三浦日記

音楽ライターの日記のやうなもの

オオカマキリと少年III—躍動

玄関のドアと外を隔てる風除室はいつしか、カマキリを飼うための部屋に変貌していた。6月下旬、少年は、1匹だけを水槽に残してその他の個体を外に放した。最後まで、少年の手から離れようとしない個体を残すことにした。残したオオカマキリは、"ショウジョウバエ・トラップ"から無尽蔵に出現するエサを食べ続け、順調に成長していった。この時点ではまだ、オス・メスの判断をすることはまだ出来なかった。次の代を残すために、できればメスがいいのだが——。4回目の脱皮が完了するとすでに、ショウジョウバエの大きさのエサでは足りなくなっていた。それからというもの、少年はカマキリのエサ探しをすべく、虫取り網を持って、外を駆け回る日々が続いた。

 

少年が住む場所の周りは、虫を取るにはまさに最適の場所だった。家のすぐ隣には、草野球が出来てしまうくらいの広さの空き地があって、その半分くらい敷地には、草丈50センチメートルくらいのイタドリが生い茂っていた。イタドリは、草丈を支えるしっかりとした茎があって、掌ほどの大きさの葉にはてんとう虫や、アリがせわしなく動いていた。残り半分のところは、砂利や土が新たに敷かれている関係で、比較的背の低い草花が目立ち、花の周りには様々な種類のチョウが飛び交っている。また、草むらを踏み分けていると、バッタ類がせわしなく跳ねていた。少年のお目当ては、そこにいる"中型"のチョウだとか、バッタであった。
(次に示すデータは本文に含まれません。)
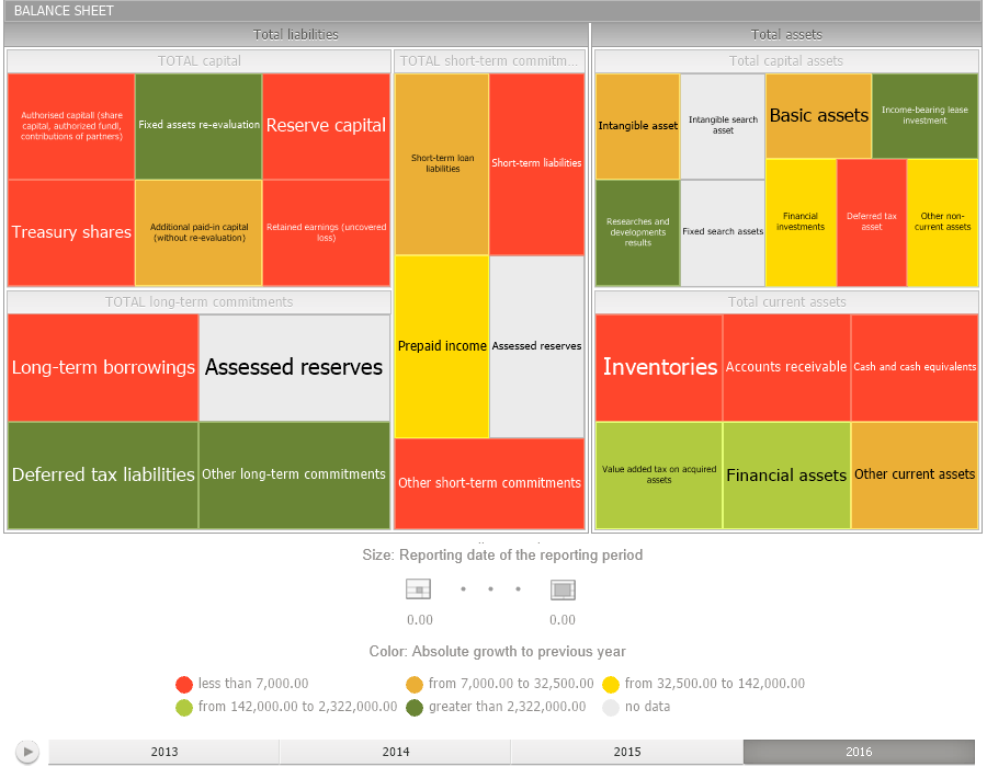 A tree map allows hierarchical data to be displayed as a set of nested rectangles. Each hierarchical branch is represented with a rectangle that consists of smaller rectangles, which are subbranches. Area of each rectangle is proportional to value of the corresponding hierarchical element. Rectangle color also depends on value of the hierarchical element.
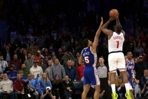 漏判3:比賽最后7秒,格萊姆斯與哈登的左臂發(fā)生接觸,該接觸影響了哈登的跳投動作,此為打手犯規(guī)漏吹。
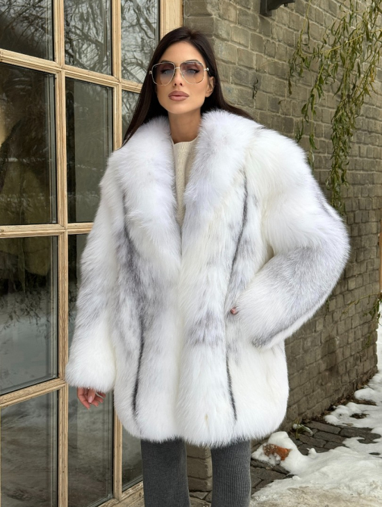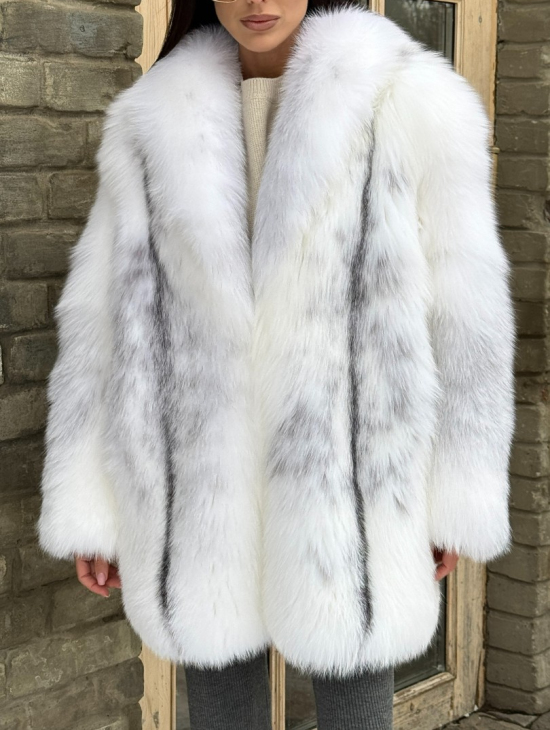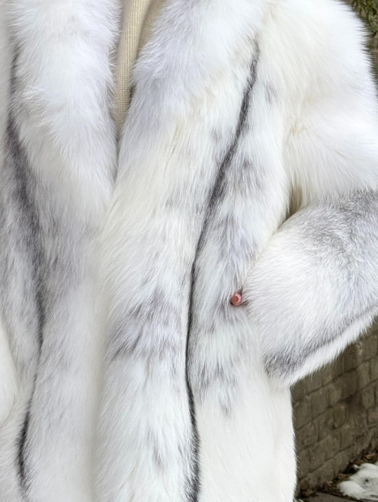 Шуба из меха белой крестовой лисы с воротником шаль, цельные пластины
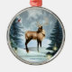 Den digitala konsthantverken i hjort på vinterscenen, den digitala konsten silver, satte upp stil ornament. Finns i olika former! Den här silver-konsten har en hjort på en vacker vinterscen med lysande lyktor, ljus snö täckt land och träd, och även en liten kardinalvän! Allt på en underbar, stor måne-belyst bakgrund och i vinskade nyanser och blues! Bilden visas inuti ett silver-ramat utseendemönster. Baksidan av prydnaden är silver. Det hänger från ett underbart rödsatin. Ett underbart tillägg till din prydnadssamling, helgdag-dekoration eller som en söt liten helgdag till familj och vänner. Om du vill ha mer helgdag-digital konsthandling, hälsningskort och andra underbara presentartiklar kan du besöka vår butik!
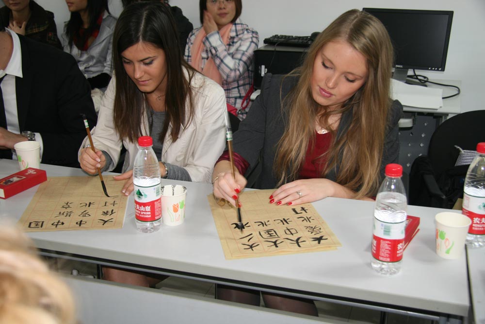 座谈会中,中俄大学生表现积极踊跃。俄语系学生代表首先展示了生动有趣的校园生活,之后中俄大学生分成小组,分别就中国音乐、中国传统节日、中国书法、中国名胜古迹等专题进行精彩展示和热烈讨论。俄罗斯大学生代表团团长尼娜·班科娃教授及俄方其他带队教师对俄语系同学流利的俄语、出色的表现大加赞赏,对我们的外语教学方法和学校的教学体系给予了极高的评价。俄罗斯大学生表示非常喜欢座谈会的内容。来自圣彼得堡经济贸易大学的学生塔尼娅说:“今天我很开心,不仅了解了一些有关中国文化的知识,认识了一些中国学生,还学写了毛笔字,很有意思。”座谈会持续了近两个小时,双方大学生们积极提问、踊跃发言,交流气氛友好浓厚。讨论结束后,俄语系学生代表向俄罗斯大学生赠送了礼物,中俄大学生们互留联系方式,并约定在今后加强类似的交流。
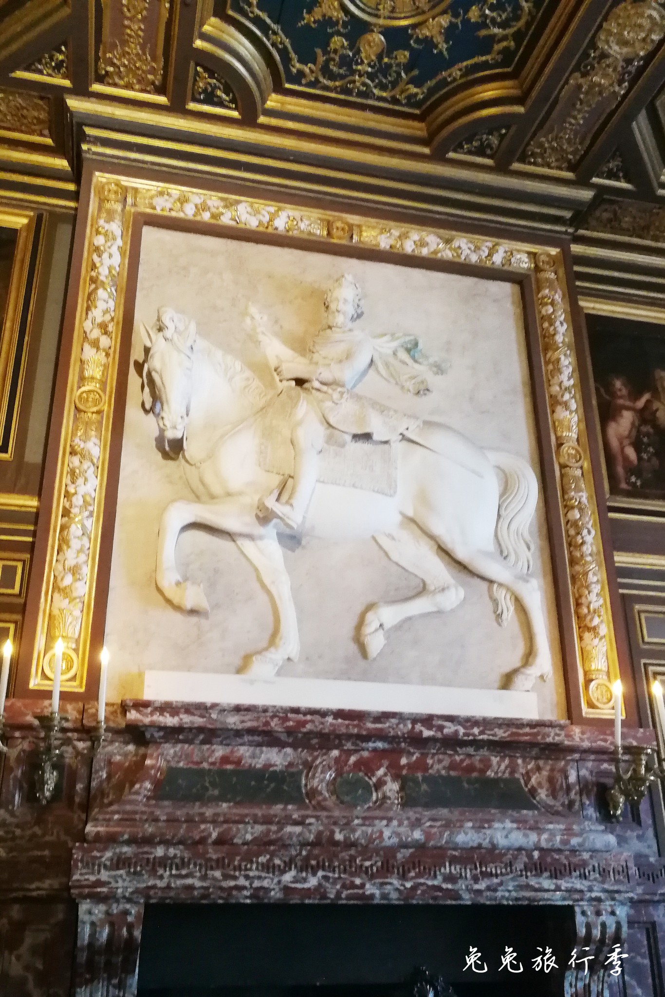 这里是圣路易厅的第二个房间,直至十六世纪前,这里都被用作国王寝宫。在波旁王朝时期作为国王的前厅,并以这幅“在马背上的亨利四世”的大理石浮雕而闻名。 由马蒂厄·雅克(Matthieu Jacquet)于1600年雕刻而成。
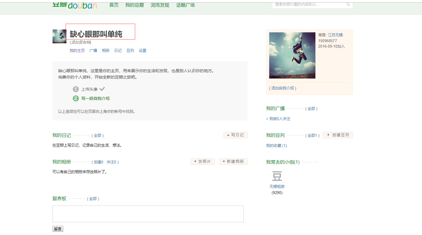 为了能让大家更好的理解这两种方式的运用,我以获取豆瓣个人主页昵称为例,分别用这两种方式来获取需要登陆后才能看到的信息。获取信息如下图所示:

いくら肉食の昆虫とはいえ、5齢虫(4回脱皮した個体のこと)の段階ではまだ、自分の体よりも大きな昆虫は前足で捕まえることができず、うまく捕食することができないのだ。

 

少年は、花の周りに飛び交うモンシロチョウや、その仲間であるモンキチョウを探す。モンシロチョウは、ティッシュのようにふわふわと飛ぶが、その動きは意外にも速く、風に流されナックルボールのように不規則な変化をする。少年は、風の動きとモンシロチョウが飛んでくる軌道を予測しながら、タイミングよく網をふる。それでも、モンシロチョウはなかなか捕まえることができない。ただ、諦めるにはまだ早い。モンキチョウは、黄色い個体のオスこそすばしっこい動きをするが、白い個体のメスは少し大きく、体が重いせいか低空で同じ場所を行ったり来たりしている。少年はモンキチョウのメスを見つけると、チャンスが来たとばかりに網をふった。交尾中なら、さらに動きは鈍くなるので、まさに一石二"蝶"であった。

 

捕まえたチョウを虫かごに入れると今度は、イネ科の雑草が茂っている方にいるバッタを探す。草むらを足で探るようにして踏みながら歩いていると、細長い体をしたショウリョウバッタが飛んでいく。ショウリョウバッタの成虫は羽があるので遠くまで飛ぶことができるが、この段階の彼らにはまだカマキリのように小さい羽しかなく飛ぶことはできない。それに似た、少し小さいオンブバッタや、ショウリョウバッタ"モドキ"という種類のバッタも見られた。彼らは、すでに成虫であったがショウリョウバッタ成虫の半分程度の大きさしかない。昆虫は、その成虫が大きくなればなるほど、成長になるスピードも緩やかになるのだ。少年は、バッタが飛んでいった地点を目視で確信し、網が届く射程圏内ギリギリまで静かに近づいていく。そして、素早く捕虫網を振り下ろす。すると驚いたバッタが飛び上がり、網へとダイブする。これを何度か繰り返すと、虫かごはチョウやバッタで一杯になった。

 

少年は、風除室へと戻り、虫かごから1匹づつ"エサ"を取り出し、水槽に入れてやる。するとカマキリは、待ってましたと言わんばかりにチョウやバッタを捕まえてはムシャムシャと音を立てて貪り食うのだった。何匹か食べ続けていると、お腹が膨れてくる。それがピークに達すると、カマキリはエサを与えても食べなくなる。少年はカマキリのお腹の膨れ具合を見て、再びエサを取りに行く。少年は毎日のように、それを繰り返したが、全く苦にはならならず、かといって特別楽しいという感情にもならなかった。それは、カマキリの命を預かっているからという理由よりも、もはや自分自身がカマキリと一心同体になっているような感覚になっていたからであった。少年の夏はまさに、カマキリ一色だった。